There are a few origin stories of the Moscow Mule, but each story involves John and Jack, a bar and a woman…

Hollywood, California, 1941. It’s smack in the middle of the Golden Age of Hollywood, on the Sunset Strip in sunny Los Angeles. One day, in his friend Jack Morgan’s Hollywood bar, the Cock’n Bull, successful importer John G. Martin was in the mood to complain. He’d purchased a then-unknown vodka distillery (a little company called Smirnoff), and he was lamenting his inability to unload the vodka.
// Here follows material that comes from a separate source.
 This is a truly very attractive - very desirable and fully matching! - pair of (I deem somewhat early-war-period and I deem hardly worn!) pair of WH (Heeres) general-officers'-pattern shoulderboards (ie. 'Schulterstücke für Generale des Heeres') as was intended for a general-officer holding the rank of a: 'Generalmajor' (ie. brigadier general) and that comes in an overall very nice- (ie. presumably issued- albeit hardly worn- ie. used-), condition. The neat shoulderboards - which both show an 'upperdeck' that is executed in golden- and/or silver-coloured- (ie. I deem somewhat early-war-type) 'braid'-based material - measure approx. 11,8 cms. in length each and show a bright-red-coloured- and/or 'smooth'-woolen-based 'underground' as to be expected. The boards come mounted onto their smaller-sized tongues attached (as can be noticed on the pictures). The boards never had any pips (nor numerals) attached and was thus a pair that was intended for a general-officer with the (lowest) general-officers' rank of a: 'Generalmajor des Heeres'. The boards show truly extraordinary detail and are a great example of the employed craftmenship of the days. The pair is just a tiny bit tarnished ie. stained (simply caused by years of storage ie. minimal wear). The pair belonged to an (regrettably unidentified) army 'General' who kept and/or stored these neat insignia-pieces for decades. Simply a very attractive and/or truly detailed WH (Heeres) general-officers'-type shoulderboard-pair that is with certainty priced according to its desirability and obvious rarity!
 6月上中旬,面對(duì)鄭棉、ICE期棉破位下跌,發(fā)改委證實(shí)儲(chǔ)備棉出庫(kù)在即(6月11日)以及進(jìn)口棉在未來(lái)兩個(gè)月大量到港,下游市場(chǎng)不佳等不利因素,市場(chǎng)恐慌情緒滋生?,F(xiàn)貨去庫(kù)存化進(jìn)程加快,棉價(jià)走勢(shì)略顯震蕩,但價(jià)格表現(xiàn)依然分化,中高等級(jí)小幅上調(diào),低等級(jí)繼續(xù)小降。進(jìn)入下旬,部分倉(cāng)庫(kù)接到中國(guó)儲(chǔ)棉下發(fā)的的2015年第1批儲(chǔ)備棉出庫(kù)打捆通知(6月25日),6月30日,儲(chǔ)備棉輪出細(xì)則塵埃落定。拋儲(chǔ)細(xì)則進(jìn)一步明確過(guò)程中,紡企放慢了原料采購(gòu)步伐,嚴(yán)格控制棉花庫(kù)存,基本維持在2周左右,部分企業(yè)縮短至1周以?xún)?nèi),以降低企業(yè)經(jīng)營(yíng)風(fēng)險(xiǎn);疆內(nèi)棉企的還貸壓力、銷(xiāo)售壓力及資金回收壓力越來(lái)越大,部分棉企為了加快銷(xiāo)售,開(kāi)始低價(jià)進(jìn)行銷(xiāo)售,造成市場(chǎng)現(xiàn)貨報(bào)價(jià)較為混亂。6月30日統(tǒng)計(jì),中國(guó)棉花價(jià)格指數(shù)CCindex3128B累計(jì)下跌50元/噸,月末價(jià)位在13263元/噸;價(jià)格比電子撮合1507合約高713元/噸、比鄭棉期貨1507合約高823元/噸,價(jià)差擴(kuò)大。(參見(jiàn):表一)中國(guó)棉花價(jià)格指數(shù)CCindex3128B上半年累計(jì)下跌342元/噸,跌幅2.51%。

It just wasn’t selling, he said.

Still smarting from Prohibition, Americans were dearly devoted to their beer and whiskey. Vodka? Not so much.

Morgan, it turned out, was having the same issue trying to sell his ginger beer. Over hours of drinks, the two came up with a strategy: combine their beverages and sell it as one cocktail.

But what about the distinctive Moscow Mule copper mug the cocktail would become famous for?

That’s where the woman comes in.

Depending on which story you’re telling, it’s either Morgan’s girlfriend, Osalene Schmitt, whose family owned a copper mine, or Sophie Berenzinski, a Russian woman who had traveled to America expressly to offload the two thousand copper mugs her father’s copper factory had manufactured and couldn’t sell.

Each story ends the same, inside the smoky Cock’n Bull pub. Three people, three different problems, one solution: the dawn of a new cocktail that would incorporate all three elements: ginger beer, vodka, and the copper mug.

And the Moscow Mule was born. 

Not Just Moscow

Although the Moscow is the traditional mule, variations on the cocktail are endless. The base of the drink remains the same: lime and ginger beer. Creative bartenders substitute vodka with the spirit of their choice. From rum to tequila to gin to bourbon, a mule can be crafted to suit every taste.